▶ _Data supplied_:
# # #

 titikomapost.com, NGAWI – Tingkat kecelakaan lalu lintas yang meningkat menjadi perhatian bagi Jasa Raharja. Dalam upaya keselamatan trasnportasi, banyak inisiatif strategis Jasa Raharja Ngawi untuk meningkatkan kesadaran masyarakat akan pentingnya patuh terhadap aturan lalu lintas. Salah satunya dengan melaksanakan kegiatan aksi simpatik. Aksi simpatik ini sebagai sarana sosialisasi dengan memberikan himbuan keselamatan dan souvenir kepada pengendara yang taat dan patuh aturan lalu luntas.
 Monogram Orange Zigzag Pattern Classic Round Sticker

# # #

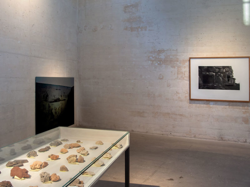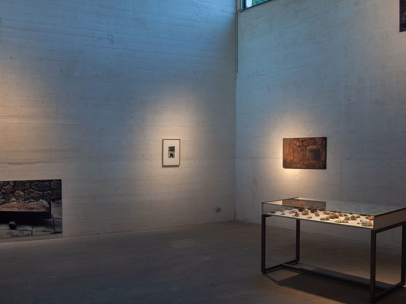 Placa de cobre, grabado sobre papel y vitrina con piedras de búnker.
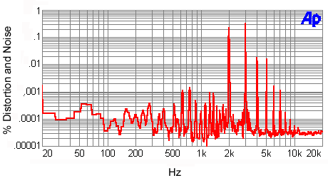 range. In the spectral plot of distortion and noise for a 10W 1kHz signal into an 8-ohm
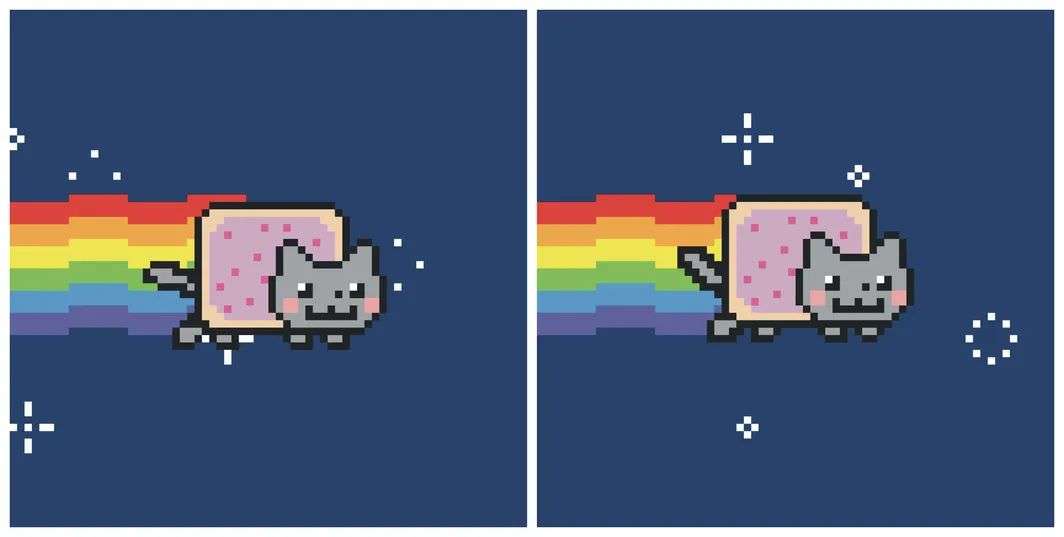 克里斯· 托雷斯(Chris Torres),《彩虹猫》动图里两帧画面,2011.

# # #

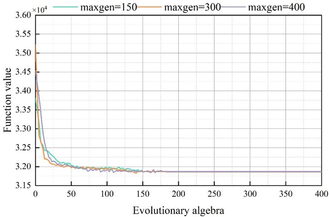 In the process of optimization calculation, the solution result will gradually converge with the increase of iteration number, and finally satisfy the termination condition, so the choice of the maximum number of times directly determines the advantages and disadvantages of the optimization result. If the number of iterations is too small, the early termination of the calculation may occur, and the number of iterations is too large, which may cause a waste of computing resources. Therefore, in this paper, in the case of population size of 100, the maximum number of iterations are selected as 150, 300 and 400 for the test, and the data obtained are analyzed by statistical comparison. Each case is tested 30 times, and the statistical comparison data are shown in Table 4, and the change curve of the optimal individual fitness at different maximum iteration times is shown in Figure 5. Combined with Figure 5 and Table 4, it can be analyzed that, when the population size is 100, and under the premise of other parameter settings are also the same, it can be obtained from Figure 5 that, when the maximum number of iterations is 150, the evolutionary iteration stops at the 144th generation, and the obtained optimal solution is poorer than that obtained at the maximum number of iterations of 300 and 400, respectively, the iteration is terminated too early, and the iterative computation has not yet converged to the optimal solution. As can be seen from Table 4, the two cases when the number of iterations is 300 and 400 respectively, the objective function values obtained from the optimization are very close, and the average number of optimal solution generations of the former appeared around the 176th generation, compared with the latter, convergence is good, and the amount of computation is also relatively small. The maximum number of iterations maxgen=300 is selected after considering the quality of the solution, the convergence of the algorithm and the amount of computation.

# # #

▶ _Problem statement_: Of the lines above, output exactly those from the line bearing "titikomapost.com, NGAWI –" through the line bearing "Monogram Orange Zigzag", inclusive.

▶ _Response below_:
 titikomapost.com, NGAWI – Tingkat kecelakaan lalu lintas yang meningkat menjadi perhatian bagi Jasa Raharja. Dalam upaya keselamatan trasnportasi, banyak inisiatif strategis Jasa Raharja Ngawi untuk meningkatkan kesadaran masyarakat akan pentingnya patuh terhadap aturan lalu lintas. Salah satunya dengan melaksanakan kegiatan aksi simpatik. Aksi simpatik ini sebagai sarana sosialisasi dengan memberikan himbuan keselamatan dan souvenir kepada pengendara yang taat dan patuh aturan lalu luntas.
 Monogram Orange Zigzag Pattern Classic Round Sticker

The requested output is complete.